我去新加坡国家博物馆观赏萨尔加多《亚马逊》(Amazônia)摄影展那天,老人家刚满81岁。这次没能见到他,估计是赶回巴黎与家人团聚了。一年当中,他300多天都在亚马逊那样的荒山野岭奔波,真的该趁此停下来歇息歇息了。

回想我上次见到这位享誉国际的摄影大师,还是在11年前的5月。那年也是在新加坡国家博物馆,第一次为他举办《创世纪》(Genesis)全球巡展,轰动一时。展厅里,两边影像静静地铺展开来,矿工背上的盐霜、蚂蚁般忙碌的淘金者、雨林雾霭中若隐若现的树冠,都被定格成历史瞬间,令人肃穆。从此,我心中牢牢记住了一个名字:塞巴斯蒂昂·萨尔加多(Sebastião Salgado)。

当天晚上,萨尔加多在Sundaram Tagore私人画廊举办小型座谈会。我开车过去,走错了路,幸而最后还是在开讲前赶到了。他坐在台上一把矮靠背转椅上,背后是他拍摄的一幅放大的雨林黑白照片。房间开着冷气,他在咖啡色的长袖衬衣上套一件黑色外套,聚光灯正好打在他光秃秃的脑袋上,明晃晃的,整个人就像置身于原始丛林之中,有点蒙太奇。

萨尔加多出生在巴西乡下一个偏僻的小镇,那里是他对劳动和生命最初的认知之地。父亲经营牧场的身影,母亲照料咖啡园的双手,早早地就种下了他对劳动者这一群体的深刻印象。

他最早学的是经济学,并在法国得到经济学博士,坚信数据模型最终能改变第三世界的命运。后来他去非洲参加一项开发项目,面对撒哈拉沙漠中游牧民族的迁徙、刚果河畔赤脚搬运货物的工人,萨尔加多感到手中的统计报表突然变得苍白无力。

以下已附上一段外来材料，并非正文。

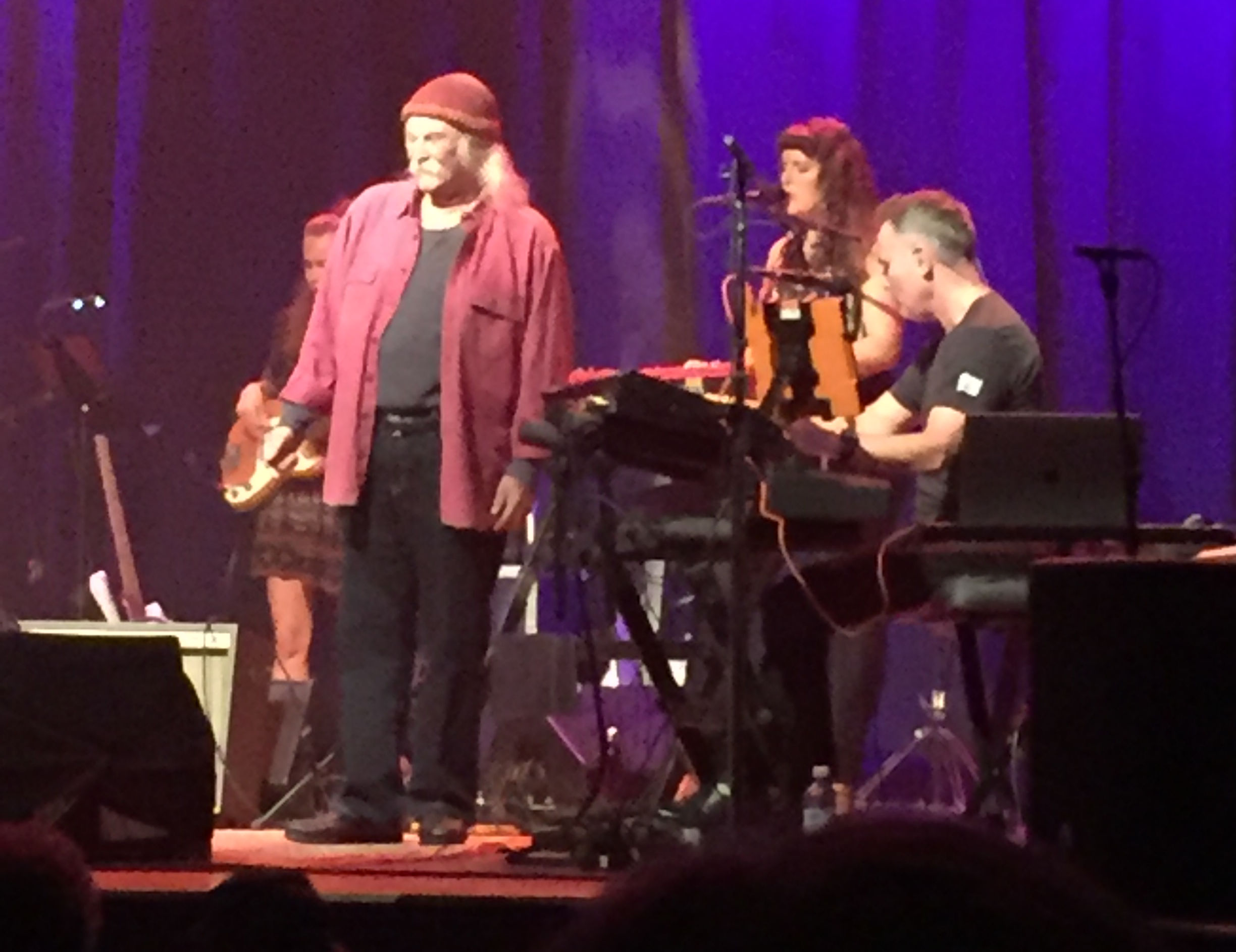 I was not familiar with most of the musicians on stage, only James Raymond the keyboard player. Raymond is Crosby’s son, and an accomplished musician in his own right. Raymond was adopted, and did not know his father until he was an adult. What fun to find your dad, then find out you had music in common? I just love that story.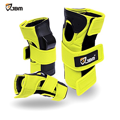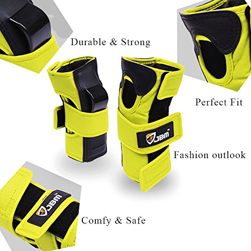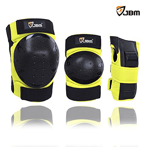 JBM international Adult / Child Knee Pads Elbow Pads Wrist Guards 3 In 1 Protective Gear Set, Yellow, Adults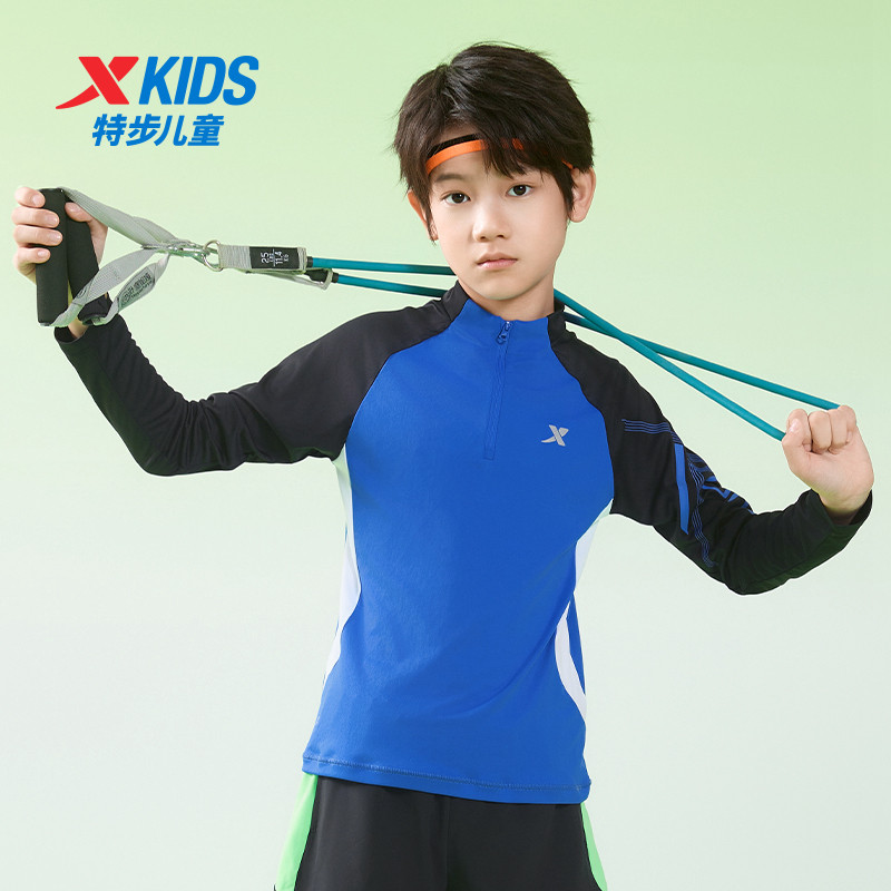 特步童装男童长袖T恤2026春季款儿童半开襟速干长t中大童运动上衣

某天傍晚,他借来妻子的Pentax相机,拍下一名正在编织草席的老人。取景框中的皱纹和阳光交织成一幅青铜浮雕。他说,内心中某种东西仿佛就在那一刻破碎了。从此,他辗转著名的西格玛、伽玛和玛格南图片社后,又与妻子创立个人图片社,专注于个人摄影项目。

他说:“我需要更自由的镜头去丈量人类的苦难。”

萨尔加多的儿子弗朗西斯科(Francisco)出生时患严重的先天性病症,导致其生命早期经历了很多健康问题。萨尔加多夫妇为此曾受到极大的心理和情感压力,这个经历对他后来的生活和摄影工作产生了深远影响,促进他更加敏感地关注人类痛苦和生态问题。这也是他后来在自己的摄影作品中频繁展现人与自然、人与社会之间的苦难和挑战的原因之一。

他说:“当我看着弗朗西斯科与病痛抗争,我突然明白,人类的苦难与自然的创伤本是同一种伤痕。”

萨尔加多和妻子也开始致力于国际环保事业,尤其是在重新植树和保护生态方面的行动,旨在为后代创造一个更加美好的未来。目前,他们的儿子弗朗西斯科也在父母的影响下,参与了与自然保护和社会责任相关的事业。

尽管面临家庭挑战,萨尔加多仍全身心投入摄影事业。

从1980年代开始,萨尔加多马不停蹄奔走于地球上多个偏僻角落摄影采访,乌克兰的钢铁厂、古巴的甘蔗田、卢旺达的茶园、玻利维亚的锡矿、印度的煤矿、巴西的金矿、中国的自行车厂……无处不见他忙碌的身影。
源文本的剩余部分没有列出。